If `x^(2)+y^(2)+6x+2ky+25=0` to touch y-axis then k=

To solve the problem, we need to determine the value of \( k \) such that the circle defined by the equation \( x^2 + y^2 + 6x + 2ky + 25 = 0 \) touches the y-axis. ### Step-by-Step Solution: 1. **Identify the Circle's Equation**: The given equation of the circle is: \[ x^2 + y^2 + 6x + 2ky + 25 = 0 \] 2. **Rearranging the Equation**: To find the center and radius of the circle, we can rearrange the equation.
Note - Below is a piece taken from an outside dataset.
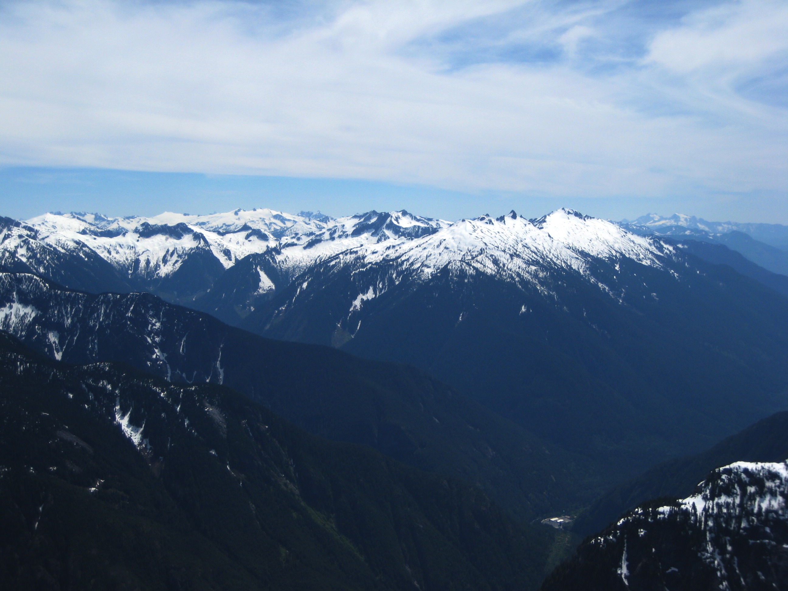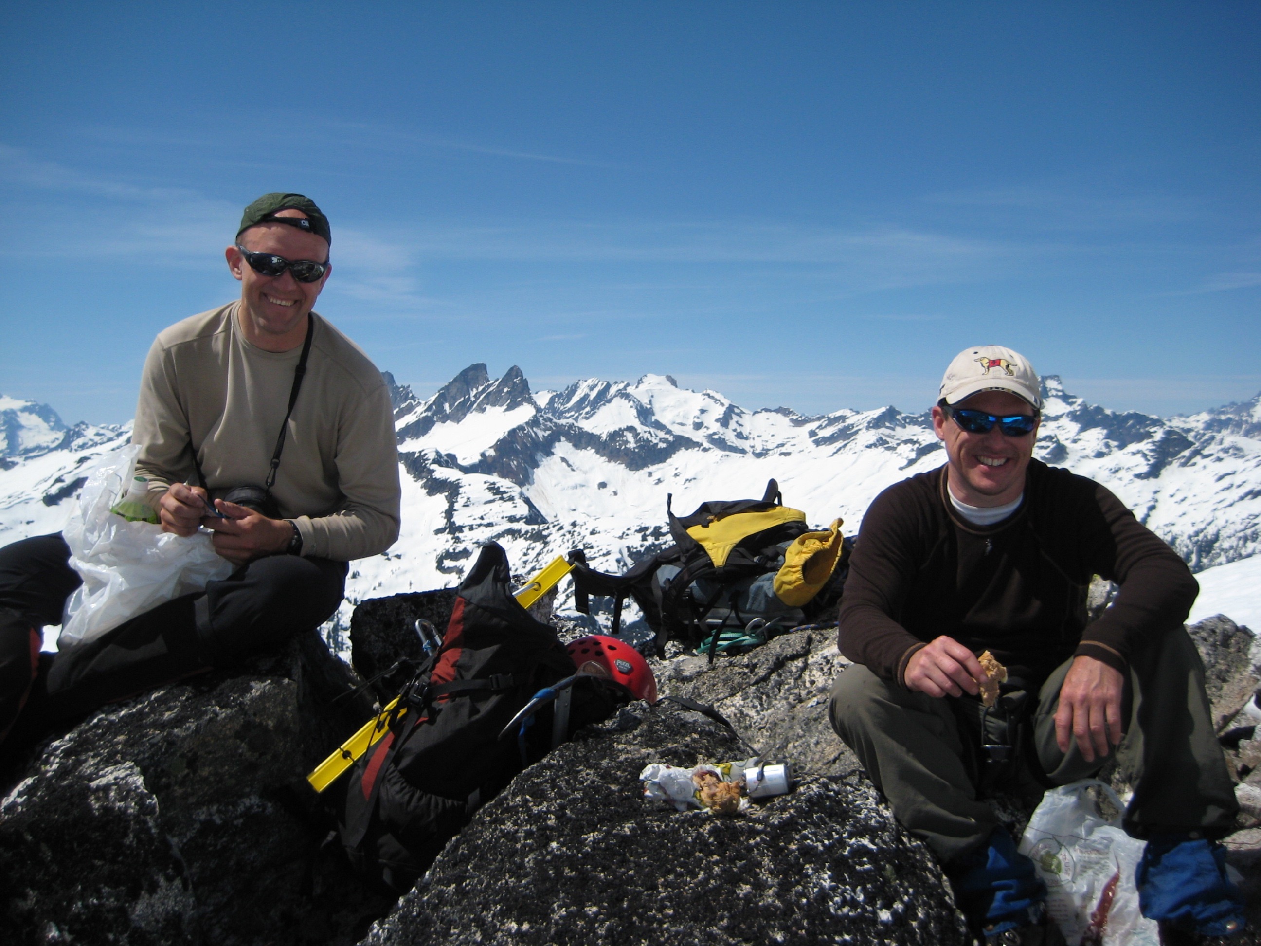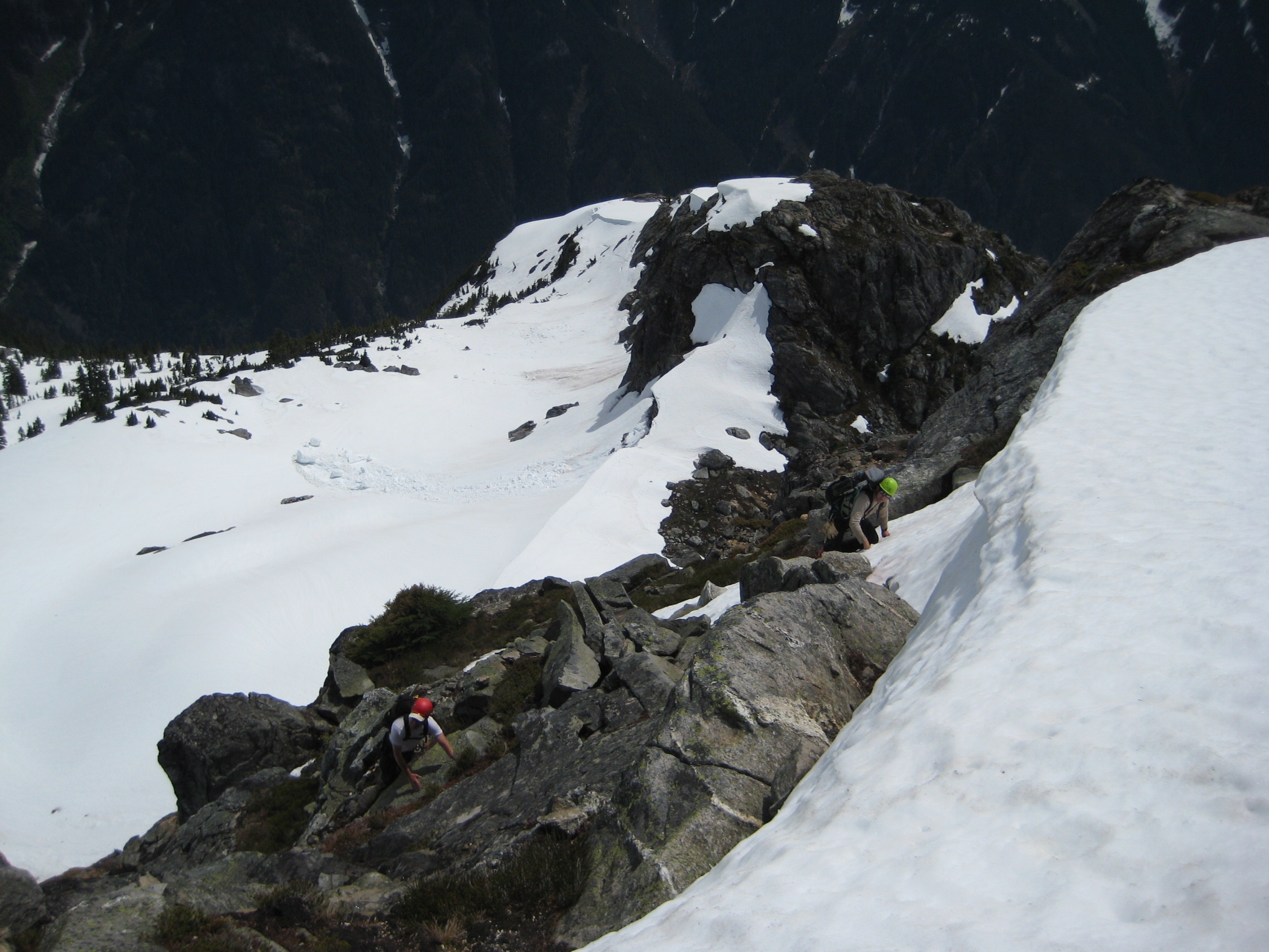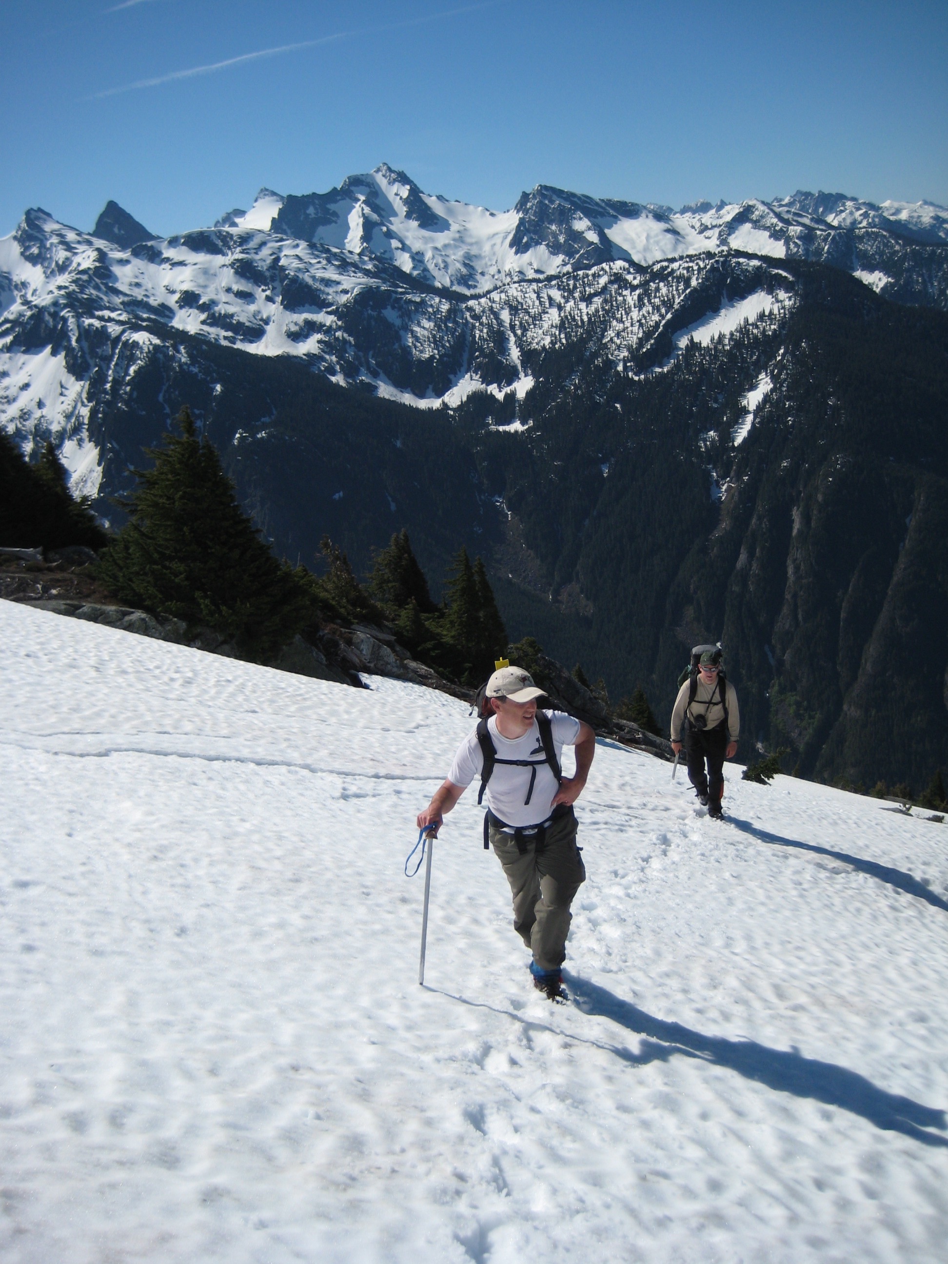 Once off the snow, we traversed leftward into dense timber and began a 3000-foot plunge to the car. Kevin did a nice job of leading us down open forest. We somehow completely missed the upper cliff band but not the lower cliff band, which was dispatched by another single-rope rappel. We continued plunging down through noisy salal and finally stepped onto the emphatically level surface of Highway 20 at 7:30pm (4.1 hours from summit) to end a great day on a great mountain.

First, we can group the \( x \) terms: \[ (x^2 + 6x) + (y^2 + 2ky) + 25 = 0 \] 3. **Completing the Square for \( x \)**: For the \( x \) terms, we complete the square: \[ x^2 + 6x = (x + 3)^2 - 9 \] Thus, the equation becomes: \[ (x + 3)^2 - 9 + (y^2 + 2ky) + 25 = 0 \] Simplifying this gives: \[ (x + 3)^2 + (y^2 + 2ky) + 16 = 0 \] 4. **Completing the Square for \( y \)**: Now, we complete the square for the \( y \) terms: \[ y^2 + 2ky = (y + k)^2 - k^2 \] Substituting this back into the equation gives: \[ (x + 3)^2 + ((y + k)^2 - k^2) + 16 = 0 \] This simplifies to: \[ (x + 3)^2 + (y + k)^2 + 16 - k^2 = 0 \] 5. **Setting the Equation to Standard Form**: Rearranging gives: \[ (x + 3)^2 + (y + k)^2 = k^2 - 16 \] This represents a circle centered at \( (-3, -k) \) with radius \( \sqrt{k^2 - 16} \). 6. **Condition for Touching the y-axis**: For the circle to touch the y-axis, the distance from the center of the circle to the y-axis must equal the radius. The distance from the center \( (-3, -k) \) to the y-axis (which is at \( x = 0 \)) is \( 3 \). Therefore, we set up the equation: \[ \sqrt{k^2 - 16} = 3 \] 7. **Squaring Both Sides**: Squaring both sides gives: \[ k^2 - 16 = 9 \] 8. **Solving for \( k \)**: Adding 16 to both sides: \[ k^2 = 25 \] Taking the square root of both sides results in: \[ k = \pm 5 \] ### Final Answer: Thus, the values of \( k \) are: \[ k = 5 \quad \text{or} \quad k = -5 \]